Si tratta di una malattia di difficile diagnosi – ha spiegato Fabiola Pontello, Presidente ANIPI-Associazione Nazionale Italiana Patologie Ipofisarie – che troppo spesso viene confusa con altri disturbi. Io stessa sono stata trattata solo per i singoli sintomi. Per arrivare alla diagnosi c’è voluto molto tempo, ma nel frattempo il mio corpo cambiava e io stavo male. Solo con una diagnosi precoce e una corretta terapia è possibile per noi pazienti ottenere una qualità di vita buona. Per questo motivo ANIPI Italia, membro della WAPO (World Alliance of Pituitary Organizations), fa il possibile per diffondere la conoscenza di questa patologia. L’appuntamento online di oggi è una preziosa occasione per i pazienti ma non solo: potrebbe essere utile ai medici di medicina generale o agli specialisti, che solitamente trattano i singoli sintomi della malattia, per porre il sospetto diagnostico”.
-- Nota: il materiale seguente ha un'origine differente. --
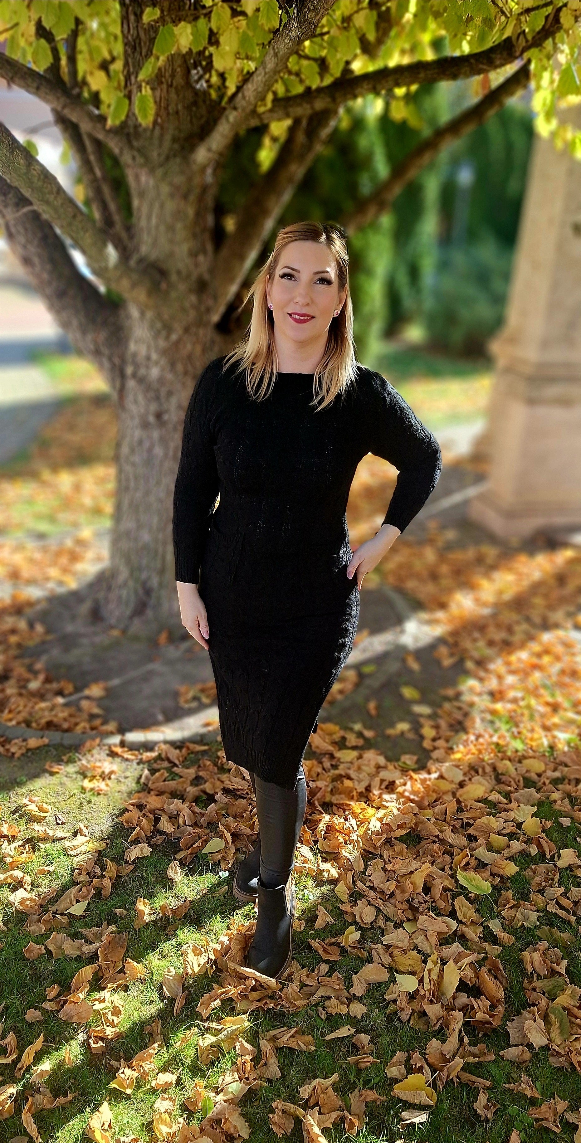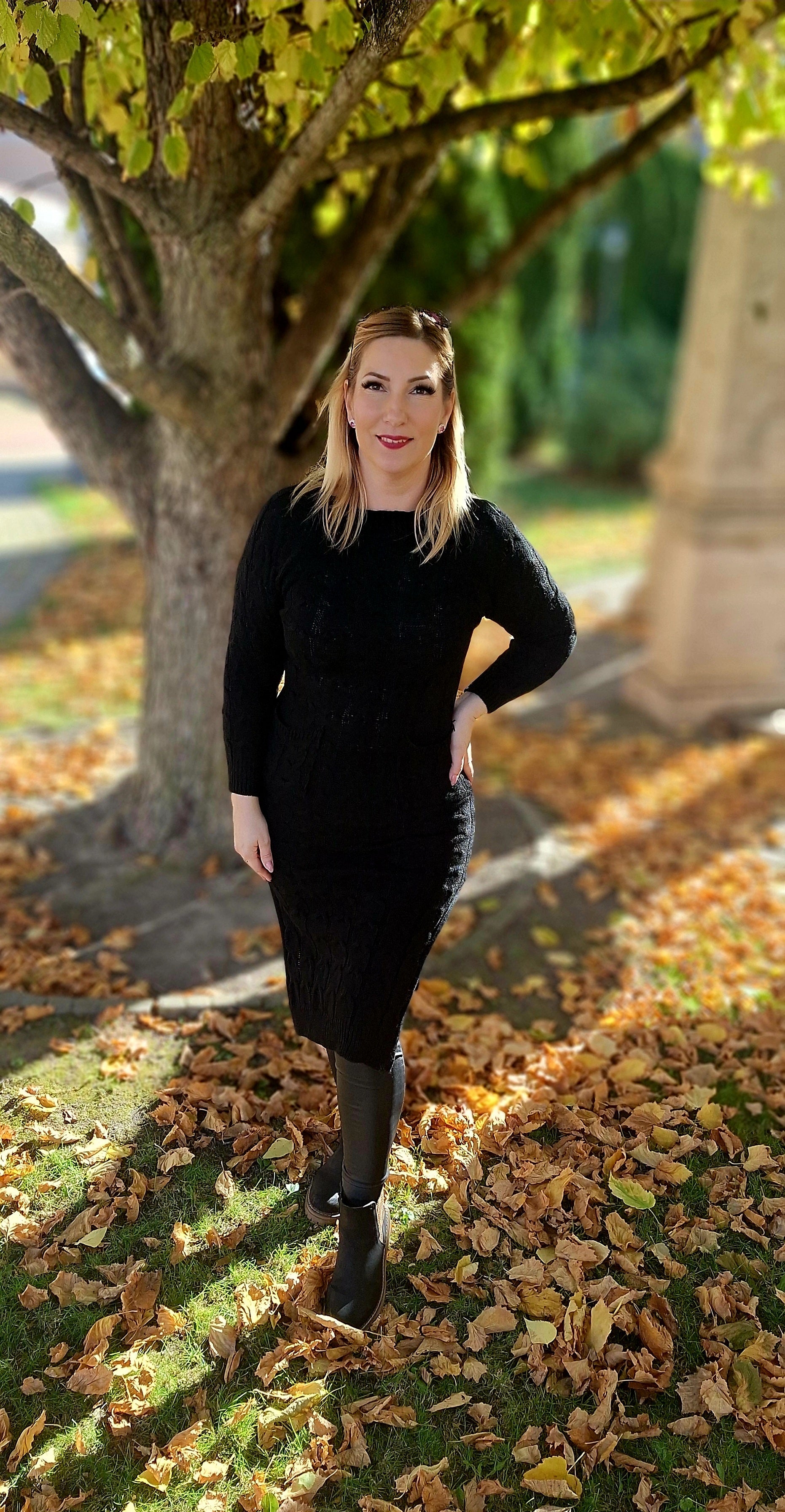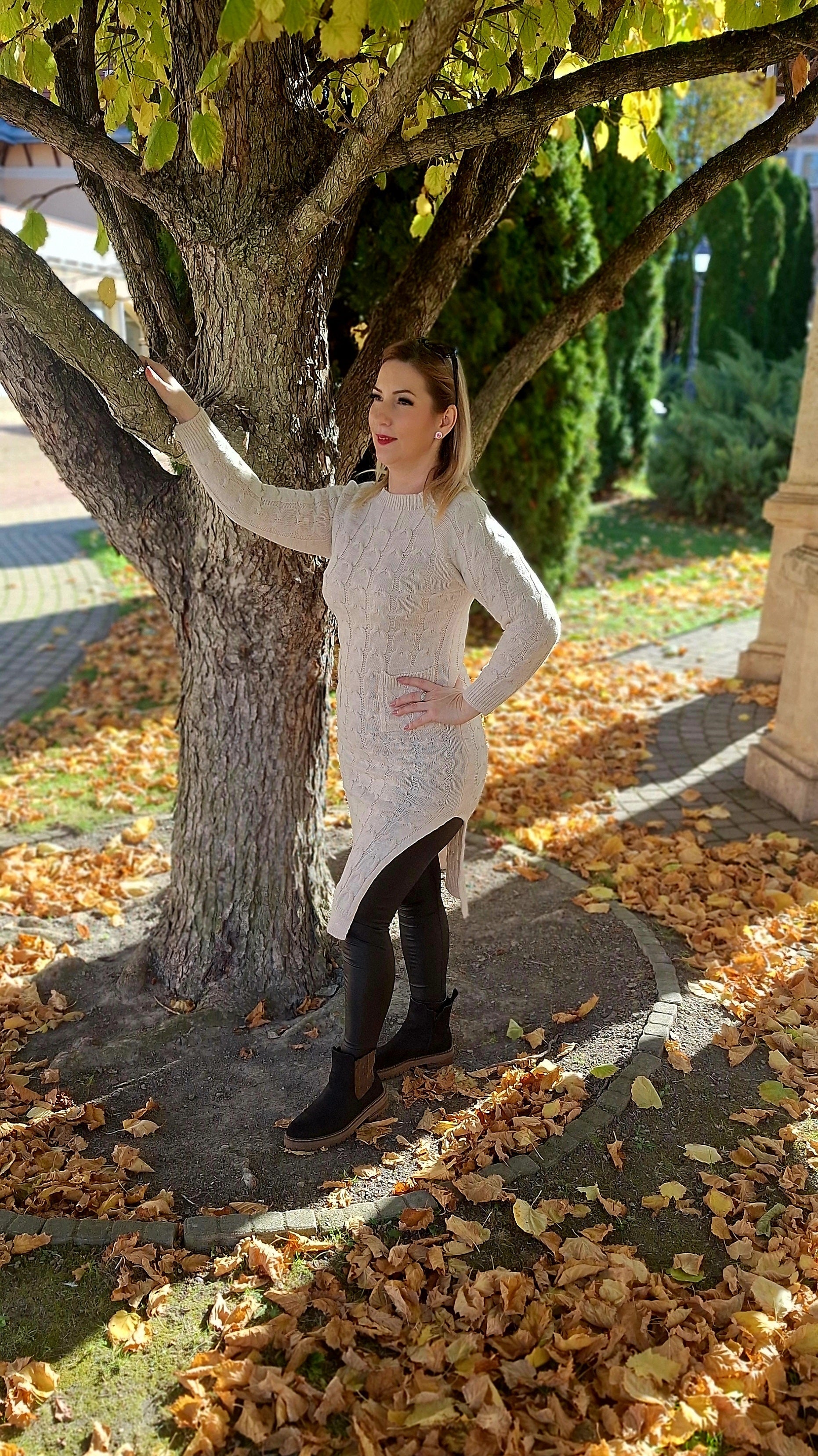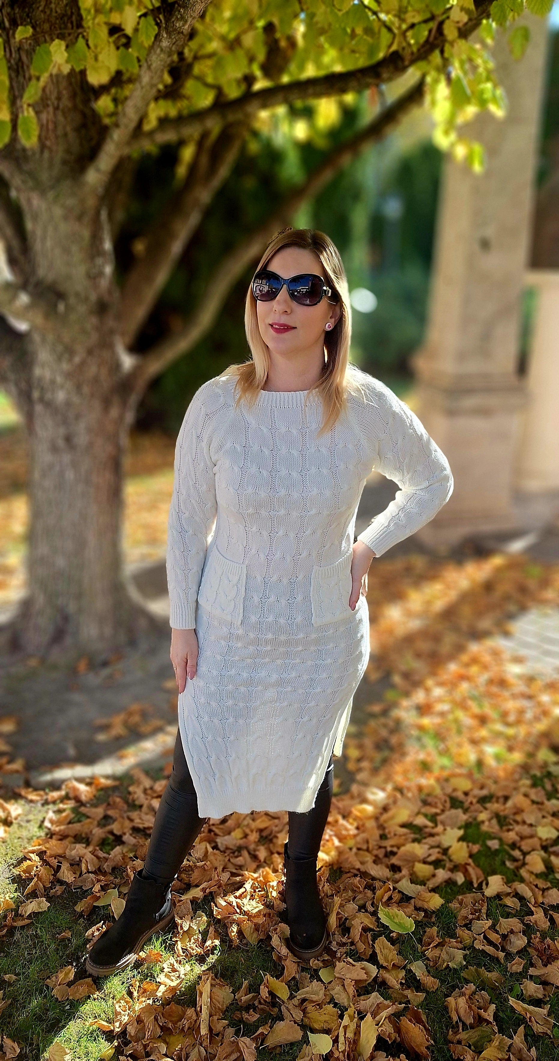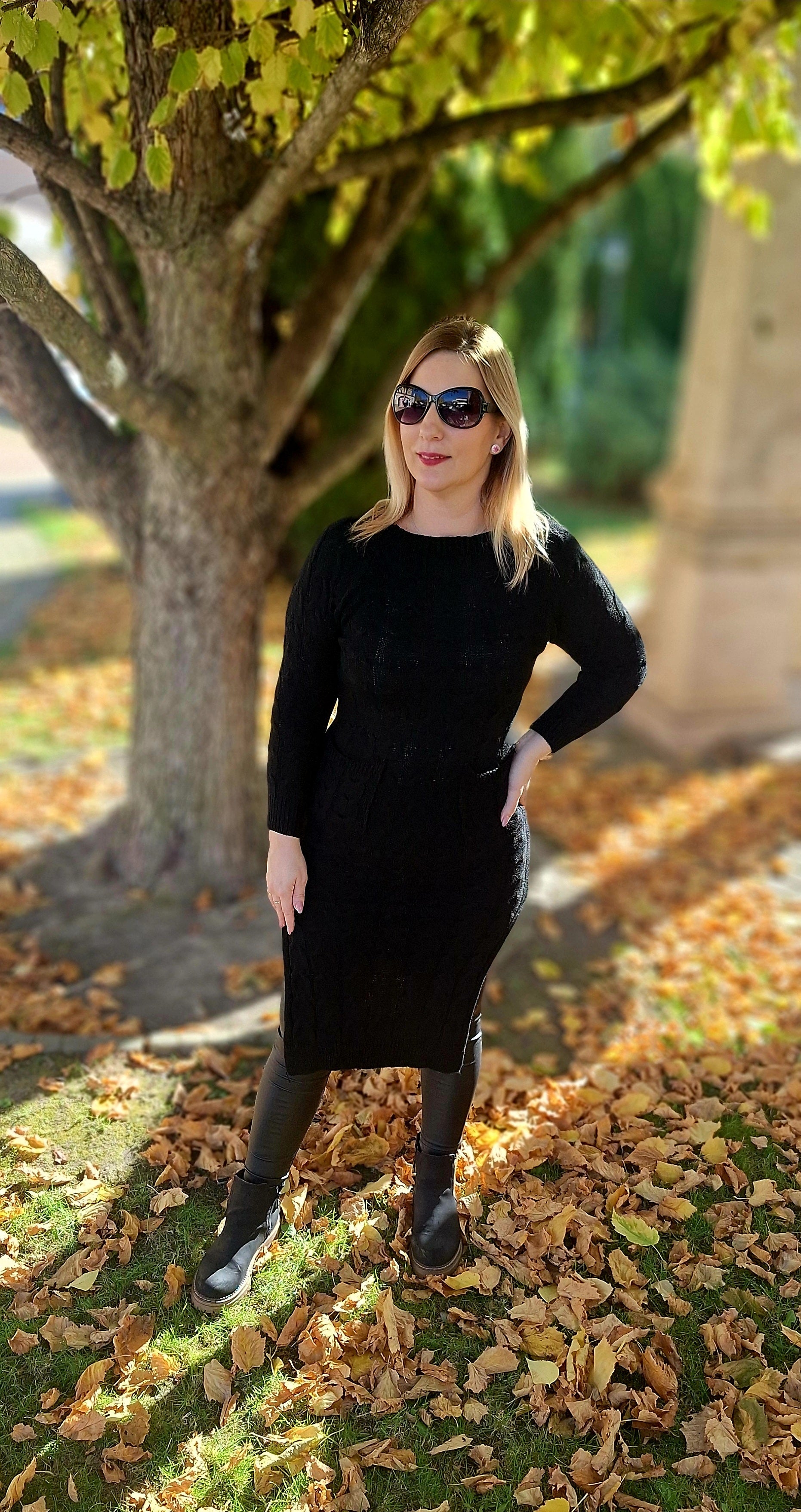 Kötött, felsliccelt tunika, ruha! Zsebes, anyagában mintás! Egyméretes S-l

Durante l’incontro sono state affrontate varie questioni legate alla malattia rara – come la presa in carico globale e le recenti acquisizioni farmacologiche – e ci si è soffermati sulle esigenze non ancora soddisfatte dei malati, specie in questo specifico momento storico.  La qualità della vita del paziente è senza dubbio un punto fondamentale, un aspetto che troppo spesso viene messo in secondo piano. Per supportare gli specialisti nella gestione della patologia, con particolare attenzione proprio alla qualità della vita delle persone che ne sono affette, è stato creato ACRODAT (Acromegaly Disease Activity Tool), un software potenzialmente in grado di supportare i clinici nella valutazione globale del paziente. “ACRODAT offre più di 200 scenari clinici all’interno dei quali poter collocare i pazienti per una migliore comprensione del livello di salute e benessere globale del paziente acromegalico – ha detto Maurizio Poggi, Dirigente Medico di Endocrinologia dell’Azienda Ospedaliera Sant’Andrea di Roma  Il software permette il controllo costante di 5 parametri, 4 dei quali sono clinici, ma il quinto è a tutti gli effetti l’ascolto del paziente. Perché sono le persone affette da questa malattia che devono dirci come stanno, come vivono. ACRODAT può però aiutarci a valutare tutte le informazioni in maniera ottimale, sempre con l’obiettivo di offrire al paziente una terapia e una presa in carico personalizzate”.

I nuovi modelli di gestione e follow up tramite il digitale sono stati ampio oggetto di dibattito durante l’evento. È stato presentato anche “Vicini di salute”, il progetto di telemedicina avviato da Philips e Pfizer proprio per migliorare il controllo dello stato di salute dei pazienti da remoto. “Obiettivi del programma di teleassistenza sono potenziare le cure domiciliari mantenendo costante il monitoraggio delle condizioni cliniche e utilizzare tecnologie innovative di telemedicina per supportare il paziente lungo tutto il percorso di cura – ha commentato Colao  In questo modo i pazienti possono rimanere costantemente in comunicazione con il proprio specialista di riferimento. Il sistema permette al paziente di ricevere avvisi e promemoria rispetto alle terapie da seguire. Il medico può monitorare a distanza l’aderenza terapeutica e numerosi altri parametri legati a un corretto follow up, intervenendo in tutti i casi di necessità”.